Friday, May 06, 2005

Things are unfolding here in the most surreal ways....

Dad is Noise Incorporated. He has the tv on at full blast and talks on the phone. Then yells up to me to ask me what I'm doing, if I need anything, if I'm sleeping.

How can anyone sleep with that cacophony?

Mom was an amazing pack rat. But an organized pack rat. I found neatly organized and categorized paid bill stubs dating back at least 30 years ago, and an old subpoena served to my Uncle Joey in 1938. Certificates of Appreciation for work my Mom did at my elementary school and progress reports on me from high school. Pretty shopping bags, old unusued desk calendars, greeting cards from people for the past 50 years (no kidding there).

She used to get mad at me when I saved things. Maybe she didn't want me to be a pack rat. Then again, maybe she was pissed I was encroaching on her space.

I went to Borders Books this afternoon to look for some things. Didn't find them, but had a decaf and a biscotti. Was the worst biscotti I'd ever had.
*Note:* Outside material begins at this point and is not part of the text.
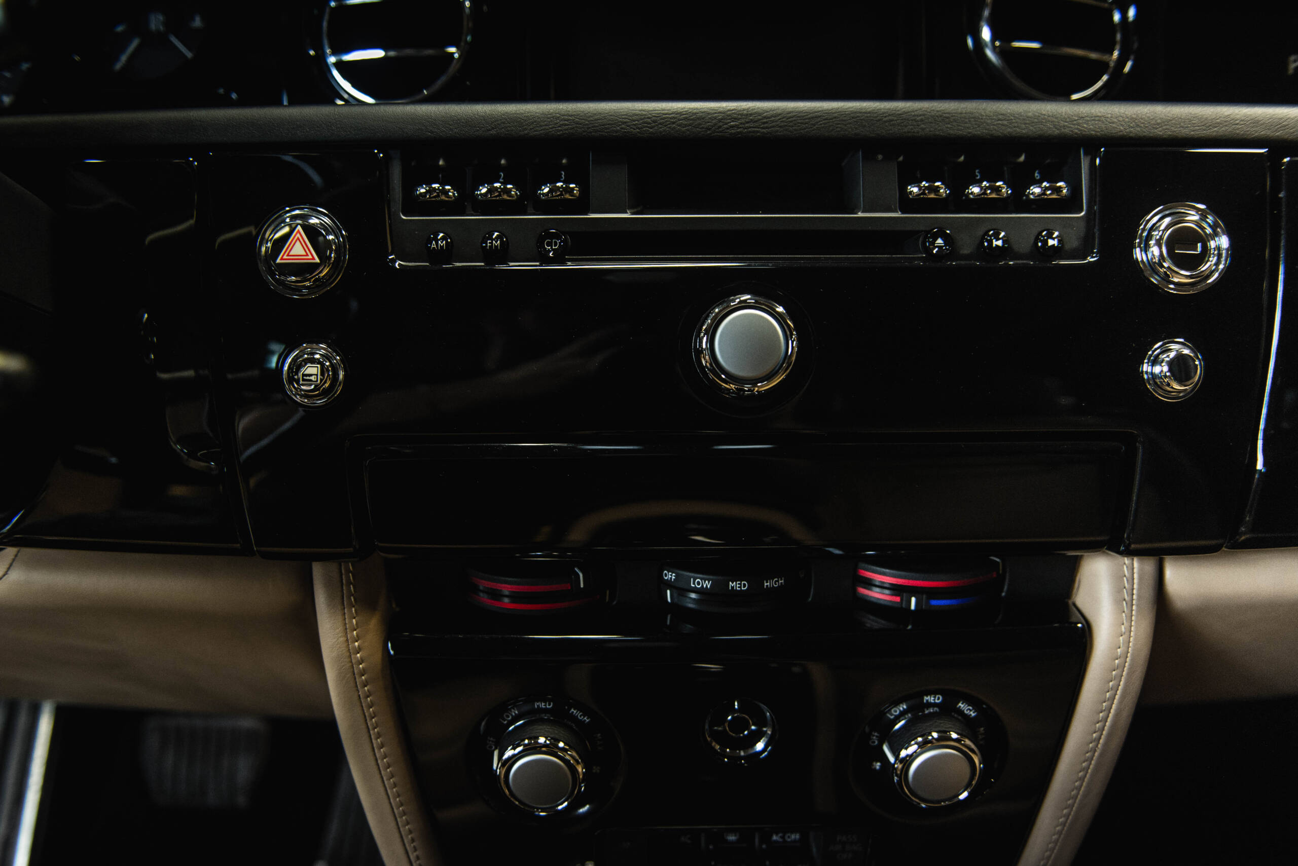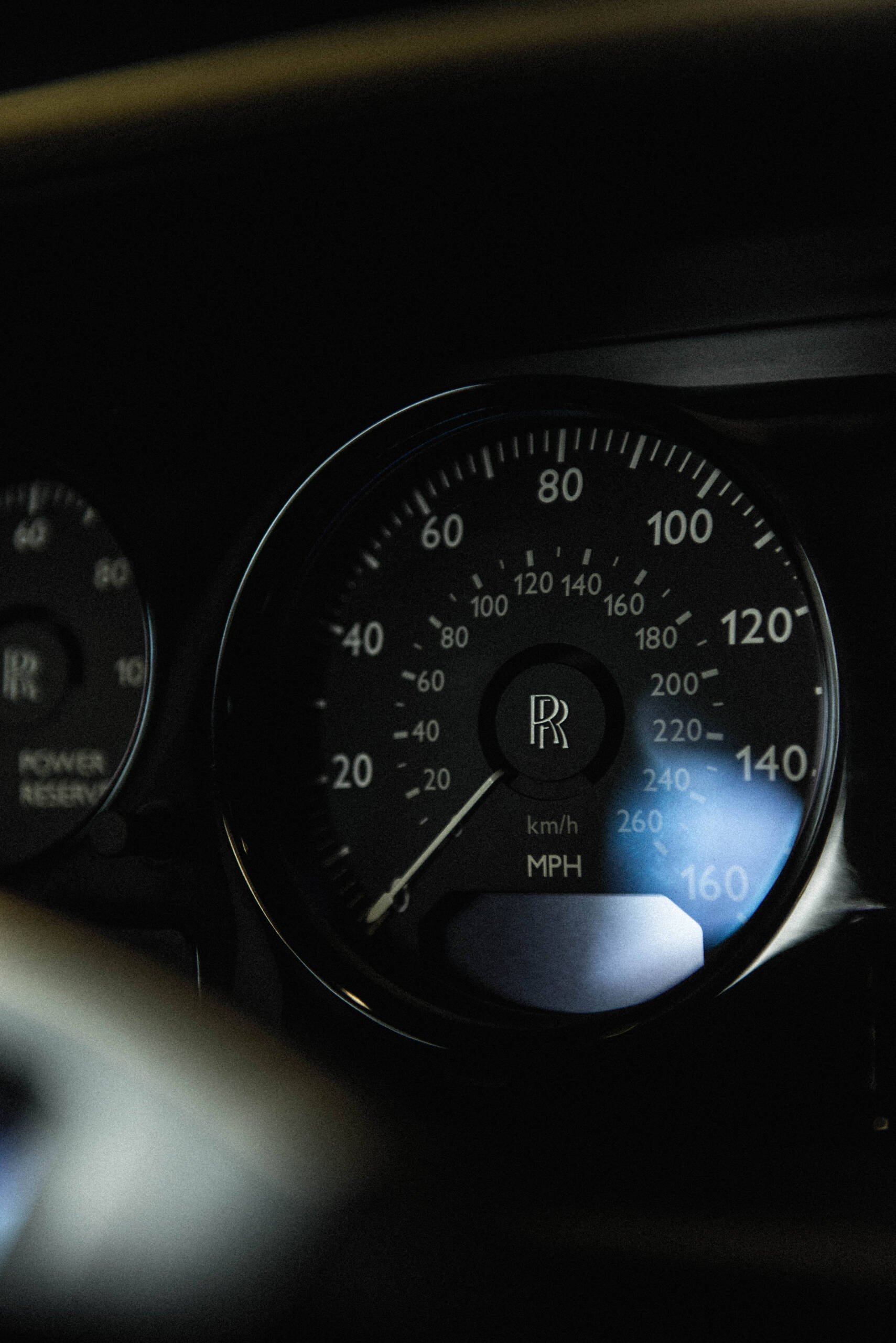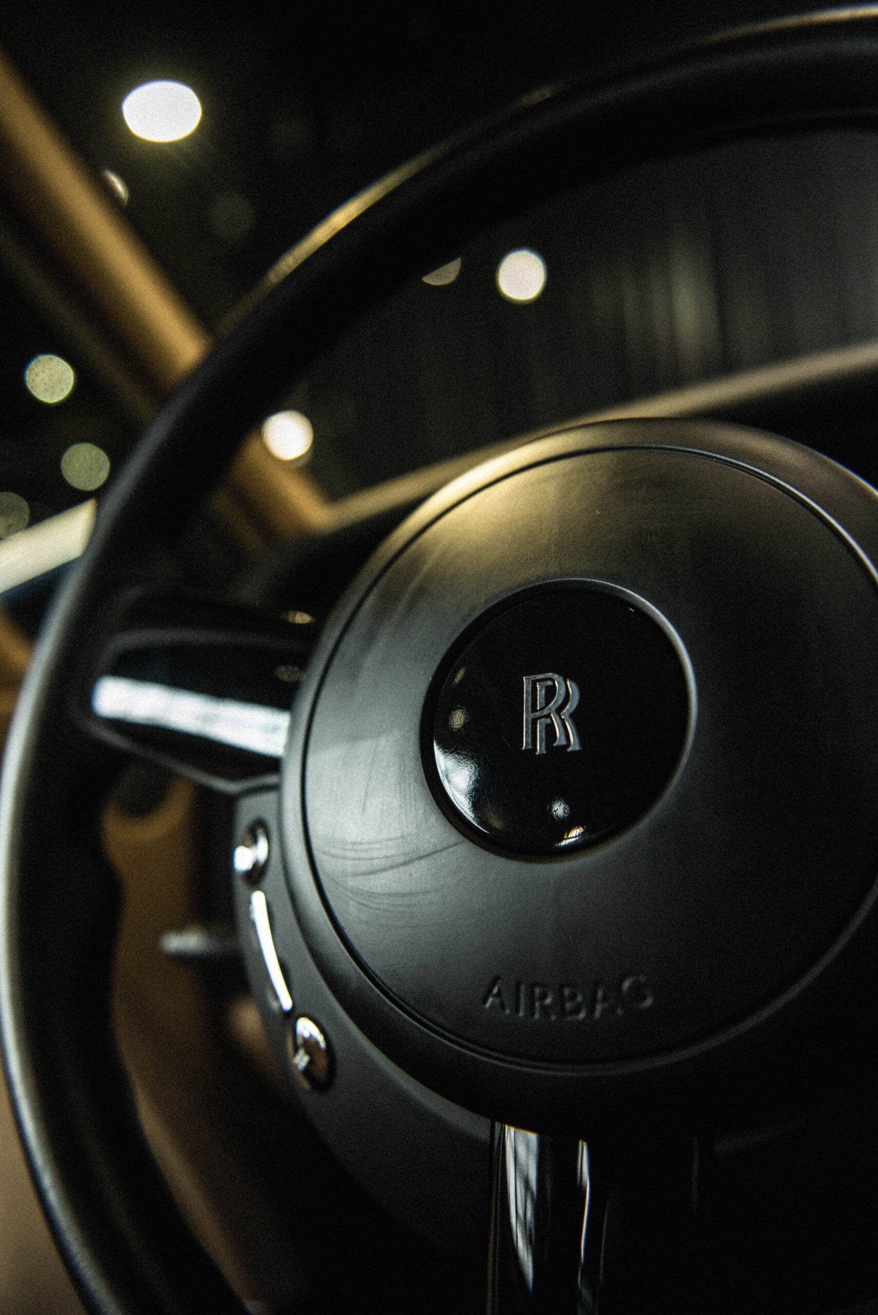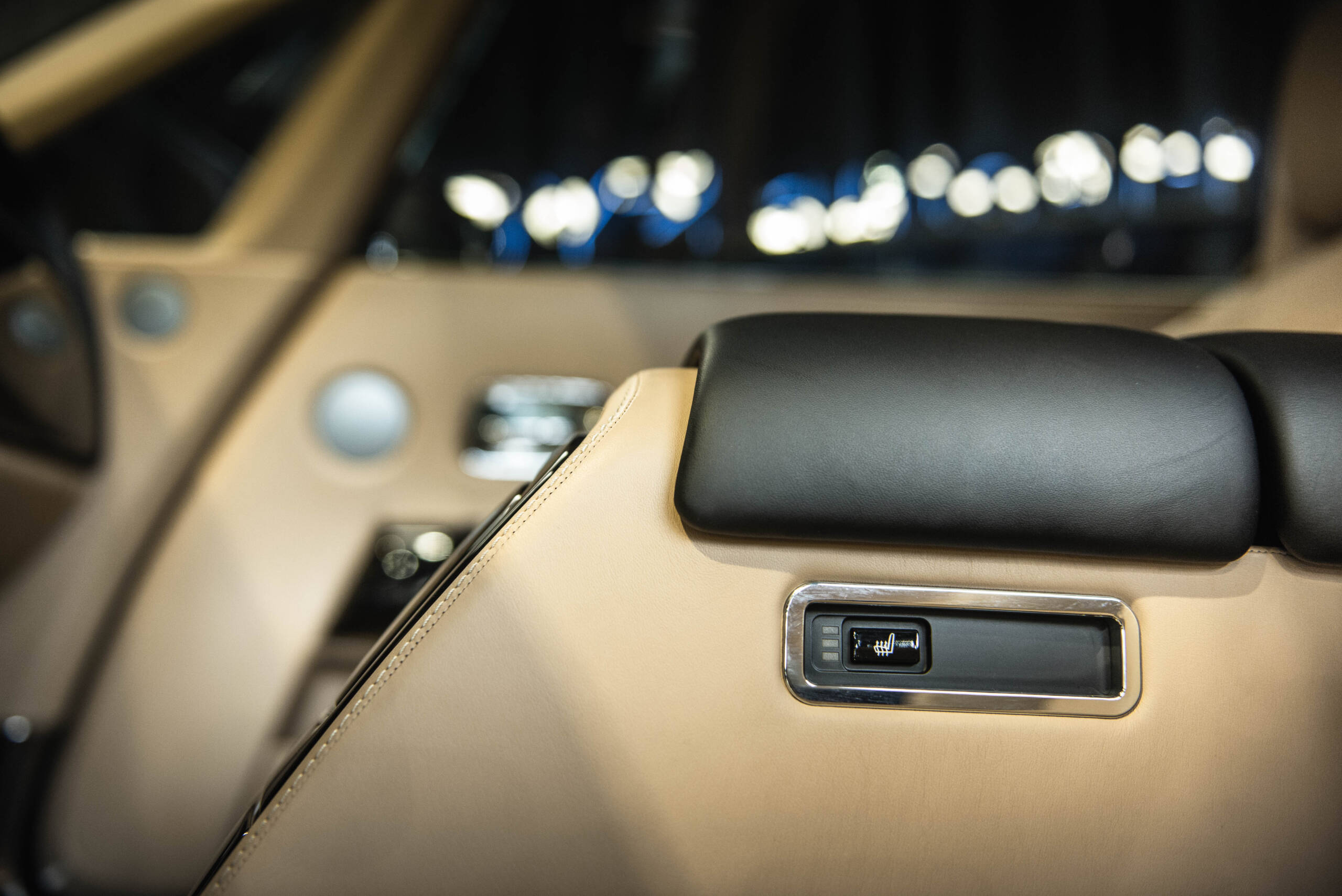 The interior features leather upholstery, wood veneer trim, deep-pile carpeting, and a dashboard-mounted infotainment display. Additional amenities include power-adjustable seating, automatic climate control, and Rolls-Royce’s signature attention to materials and craftsmanship.

Dad keeps bending the ears of the same relatives. I'd tell him to keep a journal, but he can't write too well and it would frustrate him quite alot.

My sister looks terrible. She came by today to drop off a deposit slip so my father could transfer money from his account to hers so she could pay her mortgage.

I drove him to the bank to do this.

I remember my sister yelling at me one time because I said I was a size 14. "I'd never admit to being a size 14!" she screamed. She's more than that now.

I told Steady Eddie about the stuff with my sister. She's 58 years old and is still mooching from my father. He couldn't believe that my father would fork over a rather hefty sum to pay her mortgage without blinking an eye. "What does she do with her money?" S.E. asked me.

"I don't know," I sighed "but I *do* know that he's been doing this kind of thing for her since I was a little kid. And you know what, I don't want that for myself. I want to be able to take care of myself and not rely on my father to pay my bills when I'm pushing 60."

Then again, when I'm pushing 60, my Father will probably be dead and gone. And I won't have the luxury of mooching off my father.

I don't really have that luxury now.

I don't know what happened to Mom's jewlery. Perhaps my nephew stole it when he was in the throes of his crack addiction. For that, I could strangle him.

All I want are the old wedding pictures from my mother and my aunts. Strangely, they mean something to me. It's like history. And I want the old hand-crochet edged handkerchiefs. My grandmother made those. I crochet. I think that might be where I got it from...indirectly.

I might get those. And Mom's fur. It fits me.